Los Vanir tejerían hechizos como jamás se habían visto, provocando que algunos gigantes murieran a medio camino, que otros atacaran a sus propias filas, que la tierra misma se alzase contra ellos. Entonces los colosos se enfrentarían a sus enemigos más terribles, los propios Aesir, que acudirían cubiertos de acero brillante, cada dios un ejército en sí mismo. Arrasarían a los gigantes por miles, pero incluso entonces el resultado sería incierto, pues la masa de Jotunheim era vasta, temible su poder e intrépida la ira y la furia de su raza.

Pero había sin duda otros que buscarían la destrucción de Asgard. A medida que se arremolinaban las aguas adivinatorias de su estanque reflectante, Freyja entonó las runas sagradas que cambiaron la escena y le permitieron ver lo que hasta ahora estaba oculto.

Una vez más, la niebla del agua comenzó a limpiarse y calmarse, produciendo imágenes tanto de lugares como de épocas distantes. Ni siquiera la diosa Vanir tenía en algunas ocasiones la certeza de cuándo o de dónde procedían. Aveces no estaba siquiera segura de que la escena sucediera como se le mostraba. Sin embargo, por lo general había una verdad que extraer del estanque y ella no empeoraría las cosas por intentar verla.

Las aguas se oscurecieron al formarse la escena. Freyja frunció el ceño un instante antes de entender que era la imagen de un lugar lóbrego y que el estanque en sí no había oscurecido. Dentro de la negrura había un número incontable de círculos blancos. Flotaban misteriosamente en movimientos espasmódicos, a veces deteniéndose un momento para aparecer de repente arriba o abajo, a veces acelerando. Todos se movían aproximadamente en la misma dirección, pero competían por su posición en el río de oscuridad. Así era como ella los veía: círculos blancos flotando en un río negro.

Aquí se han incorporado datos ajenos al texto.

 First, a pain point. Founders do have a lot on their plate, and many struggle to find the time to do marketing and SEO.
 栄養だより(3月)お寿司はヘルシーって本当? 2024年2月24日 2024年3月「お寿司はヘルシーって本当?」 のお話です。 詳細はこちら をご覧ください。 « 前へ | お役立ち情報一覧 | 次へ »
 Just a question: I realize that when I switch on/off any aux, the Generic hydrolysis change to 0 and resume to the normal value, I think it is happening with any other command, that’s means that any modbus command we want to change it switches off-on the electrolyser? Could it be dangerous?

Mientras los miraba, se percató de otros movimientos que a veces iban acompañados de breves destellos blancos —aunque no eran circulares— y siempre por debajo de los innumerables círculos flotantes. Mirando más profundamente pudo distinguir líneas y arrugas en los círculos. Le perturbó descubrir que eran caras demacradas y fantasmales y que los cuerpos miserables y podridos a los que pertenecían estaban instalados en la oscuridad inferior, que comenzó a desarrollarse para que pudiera ver las formas desgarbadas entre sus sombras.

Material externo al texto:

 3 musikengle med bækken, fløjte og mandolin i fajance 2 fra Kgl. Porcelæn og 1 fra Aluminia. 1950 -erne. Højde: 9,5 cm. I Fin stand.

Dentro del estanque, hasta donde podía ver, se extendían los ejércitos de Niflheim, más vastos incluso que la masa que se aproximaba constantemente desde Jotunheim. Se concentró en la imagen y la amplió para ver de cerca los rostros y los cuerpos individuales de la estantigua, que avanzaba lenta e implacable. En sus facciones había un hambre que le repugnaba.

Algunos de los muertos estaban cubiertos de carne podrida, mientras que otros eran poco más que osamentas; algunos no tenían miembros; otros no eran más que una casa de huesos con una fina capa de piel parda estirada con fuerza sobre ella. La mayoría habían sido ancianos cuando murieron, reclamados tranquilamente en sus camas. Los más inquietantes eran los pequeños, que Freyja no había distinguido al principio: miles y miles de ellos tambaleándose hacia adelante y atrás con rostros que asomaban muy por debajo de la línea general de los círculos fantasmales. Otros gateaban. Y algunos ni siquiera podían hacerlo, sino que simplemente se impulsaban hacia delante, arrastrando sus vientres vacíos por el suelo frío de Niflheim.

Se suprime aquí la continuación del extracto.